Этому есть ещё одно косвенное свидетельство – 2 октября 1922 года Маяковский написал заявление заведующему Производственным бюро Высших Государственных художественно-технических мастерских Вхутемаса и его издательства Ефиму Владимировичу Равделю. В этой бумаге речь идёт о том, что из-за плохой постановки дела издательство сорвало все сроки выхода в свет собрания сочинений поэта. И поэт уведомлял заведующего в том, что договор с издательством он расторгает. Но…
В самой последней фразе своего заявления Маяковский допустил оговорку, которая наводит на размышления. Вот эта фраза:
«Прошу немедленно произвести расчёт расходов но производству и разницу возвратить мне не позже четверга, т. к. в пятницу я уезжаю в служебную командировку.
Вл. Маяковский
2/Х-22 г.».
В какую служебную командировку собирался поэт, если он тогда нигде официально не служил?
Могут сказать, что все свои поездки по литературным делам (если оплату дорожных расходов производило какое-то ведомство, например, Наркомпрос) Маяковский называл «служебными». Допустим. И предположим, что в заявлении во Вхутемас речь шла именно о такой командировке.

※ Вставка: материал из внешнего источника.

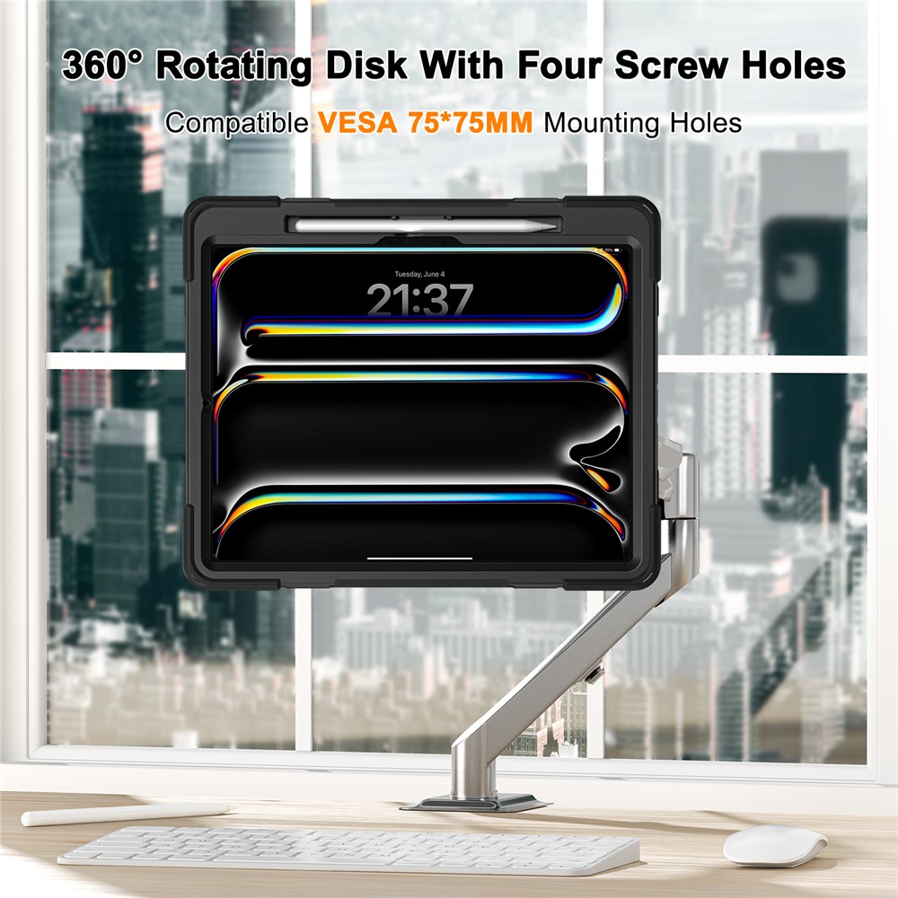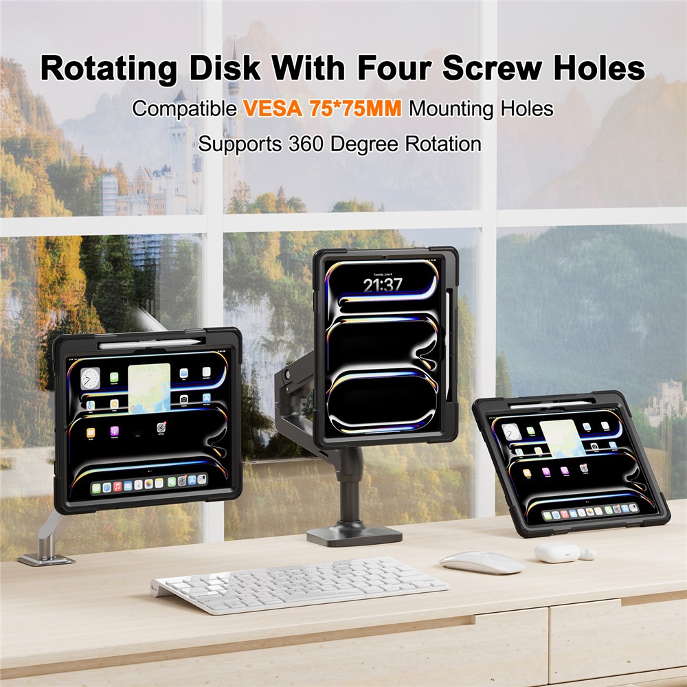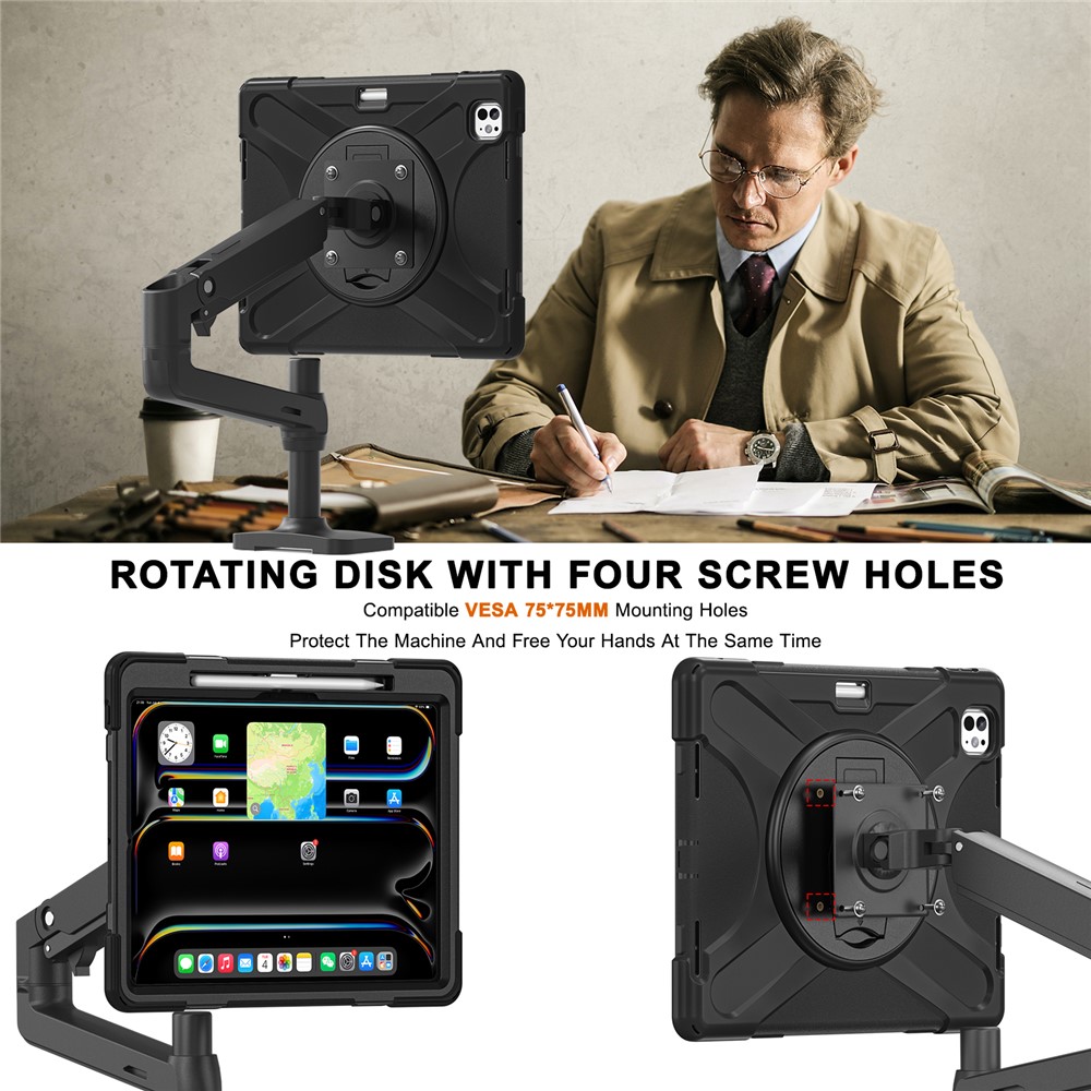 - Compatible with VESA This case is equipped with 75 x 75mm mounting holes, making it easy to attach to compatible arms or wall mounts (not included) for versatile usage in various environments

Но зачем тогда понадобилось та шумиха, которой была обставлена подготовка к этой поездке? Она-то лишний раз и подтверждает, что этот вояж за рубеж был не совсем обычным. Видимо, «легенда», придуманная в ГПУ поначалу (что Маяковский и Брик едут лечиться на немецкий курорт), была отвергнута и заменена другой. Её-то и предстояло «обкатать» перед самым отъездом.

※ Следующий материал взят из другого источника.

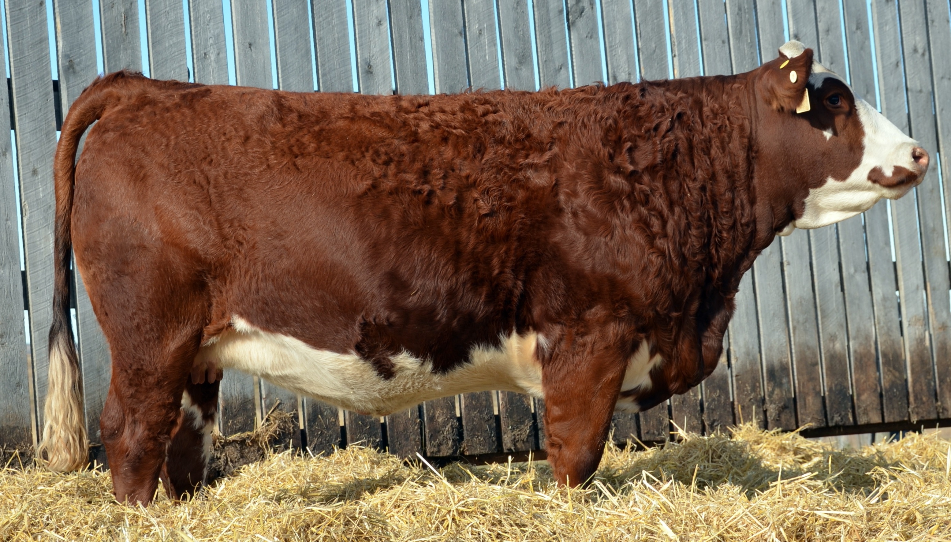 Full Fleckvieh. Heavily pigmented and dark cherry red, Gabrielle combines the legendary Fleckvieh genetics of ABR Sir Arnold’s Image and Sim Roc C&B Western. Gabrielle’s dam, Dora Lee Gretchen, was purchased from Ontario as a heifer calf, and she consistently produced dark red, stylish progeny. We have been very pleased with the consistency of the Samson offspring – his daughters all combine lots of capacity with feminine front ends. Bred early to Pharao, Gabrielle will develop into a deep-bodied herd matron.
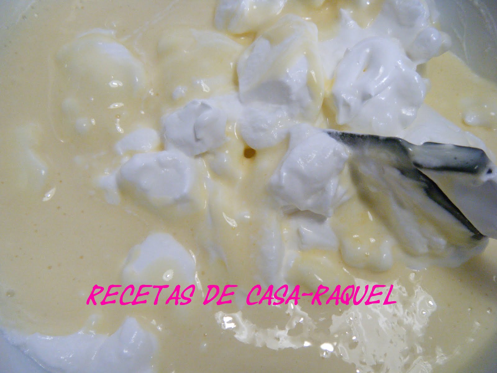 Mezclas las claras con la crema anterior con cuidado y de forma envolvente.
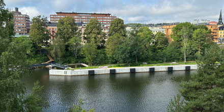 Arbetet med att bygga klart promenadvägen på västra sidan, i den norra delen av kanalen, pågår för fullt. Just nu monterar vi broarna som ska ta dig ut på Kanalholmen strax söder om Mälarbron.
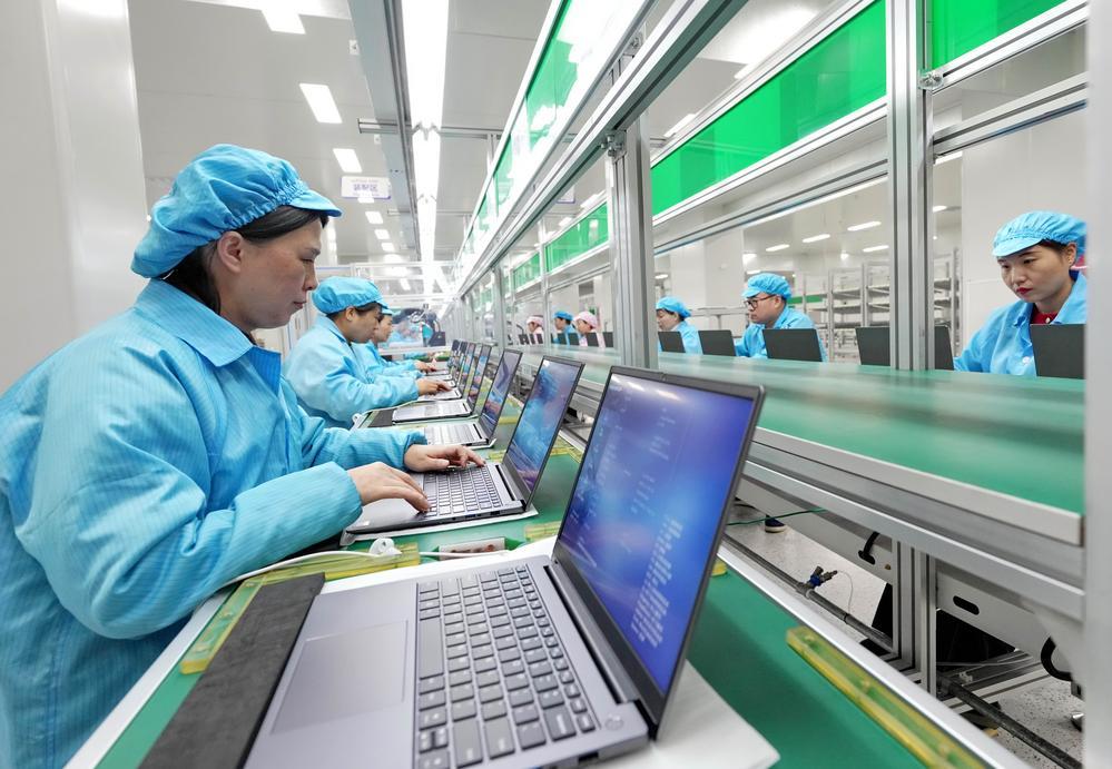 (중국 허베이=신화통신) 31일 허베이(河北)성 스자좡(石家莊) 하이테크산업개발구 전자과학기술단지 광뎬촹신(光電創芯)단지 내 한 생산라인에서 직원이 노트북을 조립하고 있다. 스자좡 하이테크산업개발구 전자과학기술단지의 공공 인프라 연계 건설 프로젝트인 광뎬촹신단지가 이날 문을 열었다. 총 건축면적 16.6만㎡의 이곳은 기술 연구개발 구역과 파일럿 테스트 구역으로 나뉘어 입주기업에 인큐베이팅, R&D, 실험, 테스트 등 서비스를 제공한다. 2025.10.31

3 октября 1922 года Ульянов-Ленин впервые после продолжительной болезни (первого инсульта) председательствовал на заседании Совнаркома.
А Маяковский вечером того же дня устроил «прощальную» встречу с читателями. Он читал им свою новую поэму «V Интернационал». Газета «Вечерние новости» 9 октября сообщила:
«Чтение поэмы заняло львиную часть вечера… "Левым маршем "Маяковского вечер закончился».
Что это за поэма?
Итак, мы предположили, что Маяковского пригласили на работу в ГПУ. Об этом биографы поэта ничего не сообщают, потому что никаких документальных свидетельств о новом месте службы поэта пока не опубликовано. Поэтому считается, что их нет. И никогда не было. Однако очень много косвенных фактов, некоторые из которых мы уже приводили, свидетельствуют о том, что такое приглашение было, и Маяковский ответил на него согласием.
Поэтому и необходимость в «IV Интернационале» тотчас же отпала – объяснять членам ЦК РКП «некоторые» свои поступки поэту стало не надо, ведь он сам стал «чекистом особого отряда», имеющему доступ к «карающему мечу революции». Теперь ему самому предстояло определять правильность поступков окружающих.
И, отложив «IV Интернационал» в сторону, Владимир Владимирович принялся сочинять новую (совсем другую) поэму.